How to Calculate Regression Analysis
What Is Linear Regression?
Simple linear regression models the relationship between a single predictor variable x and a continuous response variable y using the equation ŷ = β₀ + β₁x, where β₀ is the y-intercept and β₁ is the slope. The goal is to find the line that best fits the data by minimizing the sum of squared residuals (the vertical distances between observed and predicted values). This method is called ordinary least squares (OLS).
Formulas for Slope and Intercept
The least-squares slope is: β₁ = Σ[(xᵢ − x̄)(yᵢ − ȳ)] / Σ(xᵢ − x̄)², which is the covariance of x and y divided by the variance of x. The intercept is: β₀ = ȳ − β₁ · x̄. These two formulas guarantee that the regression line always passes through the point (x̄, ȳ), the centroid of the data.
Step-by-Step Calculation
Step 1: Compute x̄ and ȳ. Step 2: For each pair (xᵢ, yᵢ), compute (xᵢ − x̄), (yᵢ − ȳ), their product, and (xᵢ − x̄)². Step 3: Sum the products to get the numerator of β₁ and sum the squared x-deviations for the denominator. Step 4: Compute β₁ = Σ(xᵢ − x̄)(yᵢ − ȳ) / Σ(xᵢ − x̄)². Step 5: Compute β₀ = ȳ − β₁ · x̄. Step 6: Write the regression equation ŷ = β₀ + β₁x.
Worked Example
Using the data pairs (x, y): (1,3), (2,5), (3,4), (4,7), (5,8): x̄ = 3, ȳ = 5.4. The numerator Σ(xᵢ − x̄)(yᵢ − ȳ) = (−2)(−2.4) + (−1)(−0.4) + (0)(−1.4) + (1)(1.6) + (2)(2.6) = 4.8 + 0.4 + 0 + 1.6 + 5.2 = 12. Σ(xᵢ − x̄)² = 4+1+0+1+4 = 10. So β₁ = 12/10 = 1.2 and β₀ = 5.4 − 1.2(3) = 1.8. The regression equation is ŷ = 1.8 + 1.2x.
Measuring Model Fit with R²
The coefficient of determination R² measures how well the regression line explains the variability in y. It is computed as R² = 1 − (SS_res / SS_tot), where SS_res = Σ(yᵢ − ŷᵢ)² (sum of squared residuals) and SS_tot = Σ(yᵢ − ȳ)² (total sum of squares). R² ranges from 0 to 1; an R² of 0.85 means 85% of the variation in y is explained by the linear model.
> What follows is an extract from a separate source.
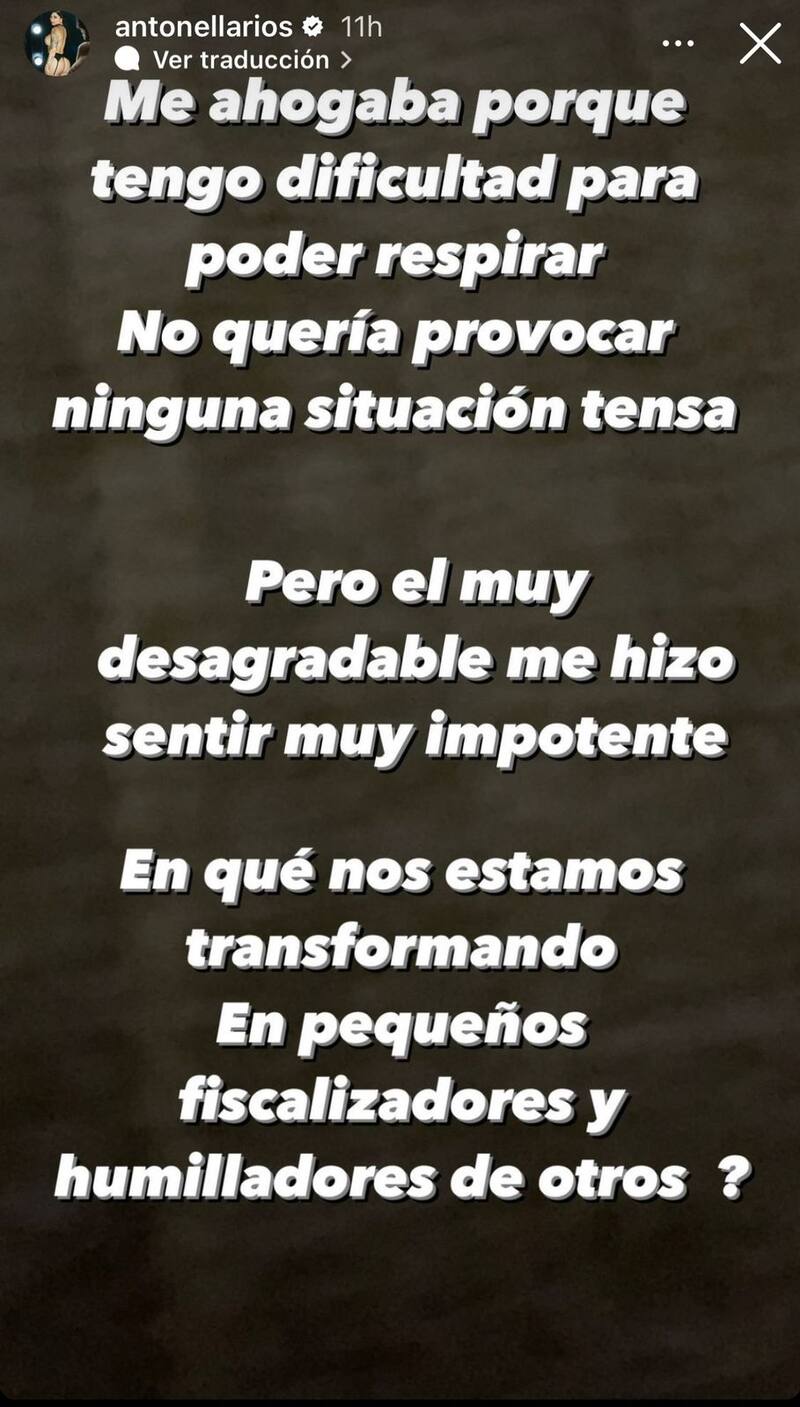 Sin embargo, Antonella fue más allá y contó más detalles de lo sucedido. “Me ahogaba porque tengo dificultad para poder respirar. No quería provocar ninguna situación tensa. El muy desagradable me hizo sentir impotente”, se desahogó.

For simple linear regression, R² equals the square of the Pearson correlation r.
Checking Regression Assumptions
OLS regression requires linearity (the true relationship is linear), independence of observations, homoscedasticity (constant variance of residuals across all levels of x), and normally distributed residuals. Diagnostic plots — residuals vs. fitted values, a Q-Q plot of residuals, and a scale-location plot — help you assess these assumptions. Violations may require transformations (e.g., log of y) or alternative methods like weighted least squares.
Multiple Regression Overview
Multiple linear regression extends the model to include two or more predictors: ŷ = β₀ + β₁x₁ + β₂x₂ + … + βₖxₖ. The coefficients are estimated simultaneously using matrix algebra: β = (XᵀX)⁻¹Xᵀy. Adjusted R² is preferred over R² for multiple regression because it penalizes for adding predictors that do not improve fit. Multicollinearity — high correlation among predictors — can inflate standard errors and make coefficient estimates unstable.